The 42nd Street Shuttle, which runs from Grand Central to Times Square, was briefly automated from 1959 to 1964. The chairman of the Board of Transportation, Sidney H. Bingham, in 1954, first proposed a conveyor belt-like system for the shuttle line, but the plan was canceled due to its high cost. Subsequently, in 1958, the newly formed New York City Transit Authority (NYCTA) started studying the feasibility of automatically operated trains which did not have motormen. The NYCTA conducted the study in conjunction with the General Railway Signal Company; the Union Switch and Signal division of the Westinghouse Air Brake Company; General Electric; and Western Electric. The next year, NYCTA president Charles Patterson made a speech about the results of the automated mass transit study. It was estimated that on the 42nd Street Shuttle alone, full automation could result in a $150,000 annual savings. By late 1961, the NYCTA was also considering automating the IRT Flushing Line, Culver Shuttle, and BMT Franklin Avenue Line if the 42nd Street Shuttle test were successful.

====Sea Beach Line test track====

Starting in December 1959, the fully automatic train was tested on the BMT Sea Beach Line express tracks between the 18th Avenue and New Utrecht Avenue stations.
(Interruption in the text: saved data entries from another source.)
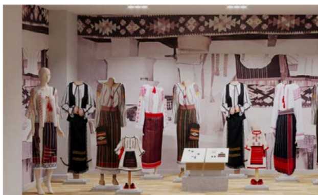
Figure 5. Hall of folk costumes.

Rendering of the interior design by Elena Comarnițchi.
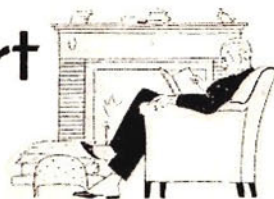
Hudson and Essex Comfort is Like Your Favorite Fireside Chair

Now you can ride in Comfort and save money too!
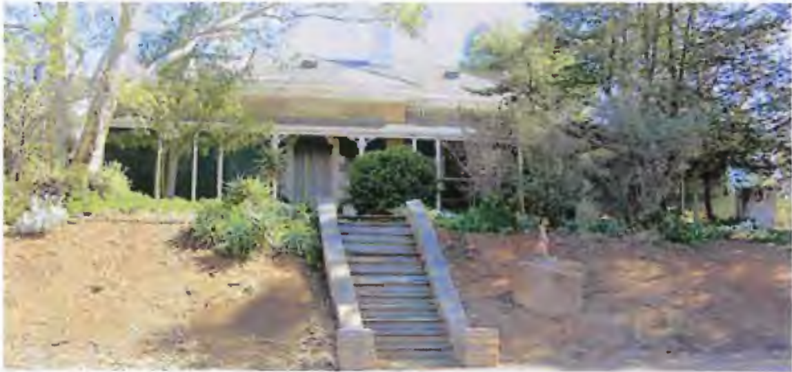
Former Police Station, 2005

SAHR 10205 – confirmed as a State Heritage Place 5 April 1984
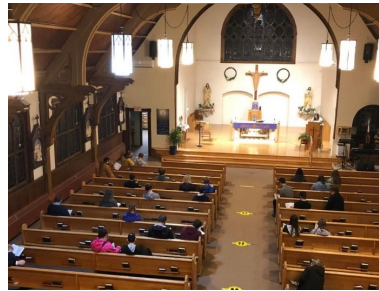
Saint Joseph's, Kentville.
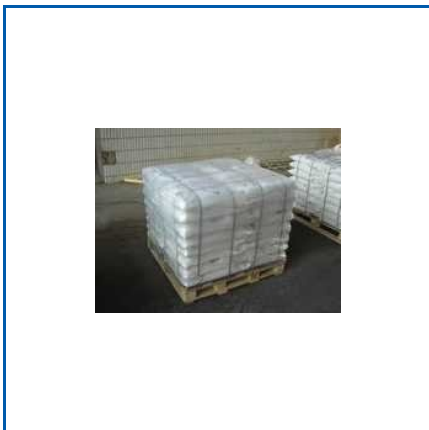
SODA ASH FROM ROMANIA

100 % Water Soluble Fertiliser- Map - 12:61:00, 100 % Water Soluble Potassium Humate Powder, 100% WATER SOLUBLE FERTILIZER, 100% Water Soluble - MAP, 100% Water Soluble Agricultural Fertilizers-map, 100% Water Soluble Fertilizer - MAP, 100% Water Soluble Macronutrients Fertilizer - MAP, 100% Water Soluble Macronutrients Fertilizer -Mono Ammounium Phosphate, 100% Water Soluble of Macronutrients, 100% Water Soluble of Macronutrients-MAP, 100% Water Soluble of Macronutrients-N:P:K - 12:61:00-MAP, 100% water soluble of MAP (N:P:K - 12:61:00), 100% water soluble of Macronutrients-N:P:K - 12:61:00, 12:61:00, 46% Nitrogen Content Urea (Technical Grade), etc.
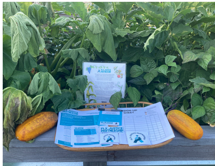
We're very excited for the new subscribers who signed up for our mailing list at Fairy Night at the Community Garden!

Please also donate what you can to relief organizations still working on the ground in Palestine to fight famine. World Central Kitchen is one, and they can be found at https://wck.org/donate .
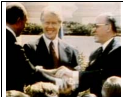
It was a courageous move by Anwar Sadat of Egypt to make peace with the Israelis, and he got himself killed for doing it. Jimmy Carter has been exploiting it ever since, and always in defense of Islam. He sees himself as ‘the great white hope’ for all of God’s enemies. He’s particularly buoyant and affable when others are criticizing his country. And this from an ex-President of the U.S.! Menachem Begin on right, Jimmy Carter at center, Anwar Sadat at left.

It’s the stricken part of the sentence that people have such a hard time believing. How could such a mighty power as the U.S. be stricken ? Surely America has the financial and technological muscle to overcome any adversity – haven’t they? Well, you only have to go back three years to the September 11, 2001 date to realize how destabilized the world has become. The torpor of those previous years has been replaced with growing anxiety for anyone of Arab descent entering an aircraft. Everyone is painfully aware of the dangers of visiting Moslem countries, even if it’s in the perceived
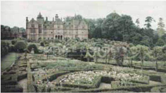
Hewell Grange garden front c.1910, Arthur E Morton

The gardens and park at Hewell Grange are in fact the most recent manifestation of a history of landscaping undertaken at the behest of the Earls of Plymouth. Among the most outstanding elements of the history still visible on the site are the improvements to the lake undertaken at the advice of William Shenstone; the lakes later remodelling with extensive tree planting undertaken by Lancelot Brown in the second half of the 18th century and the continuing enhancement of the pleasure grounds and park in the early 19th century by Humphrey Repton. The improvements also embrace the architectural improvements undertaken after 1815 by Thomas Cundy (Snr), firstly to the house and possibly including the creation of the Real Tennis Court. Further ornamentation to the pleasure grounds and the creation of extensive formal gardens were completed during the 19th century, culminating in improvements undertaken at the end of the century and beginning of the 20th century in conjunction with the design for the new house by Bodley and Garner, constructed between 1884 and 1891. Much of the historic design in terms of circulation patterns, structures, details of surface finish, planting and water features, has been eroded, replaced, or is in poor condition
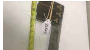
Lot#20527. 3 Nice Stanley No. 20 Tri Squares, Pat 12-19-96
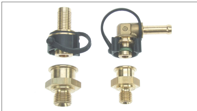
Fig. 3: Plugs and adapters in the initial position
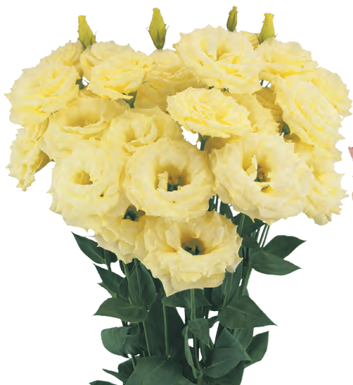
Megalo 2 Yellow (F08-937)

The plant height and branching are well balanced, and the stems are strong. It produces many petals even in hot weather, and has a standard yellow double flower. Popular in Brazil.

The idea of automation at that time relied on commands that were sent to the train while the train is at a station, to keep its doors open. The train was equipped with a telephone system to keep voice communication with human dispatchers at the two shuttle terminals. At each station there was a cabinet that housed 24 relay systems that made up electronic dispatchers. The relays controlled the train's starting, acceleration, braking, and stopping, as well as the opening and closing of the car doors. When the commands cease, the doors would promptly close. A new series of commands would start the train and gradually accelerate it to 30 mph, its full speed, slowing to 5.5 mph when coming into the two stations. When entering stations, the train passed through a series of detectors, which caused a series of tripper arms at trackside to go into the open position if the train was going at the correct speed. If the train was going too quickly, the tripper arms would stay upright and the train's brakes would automatically be set.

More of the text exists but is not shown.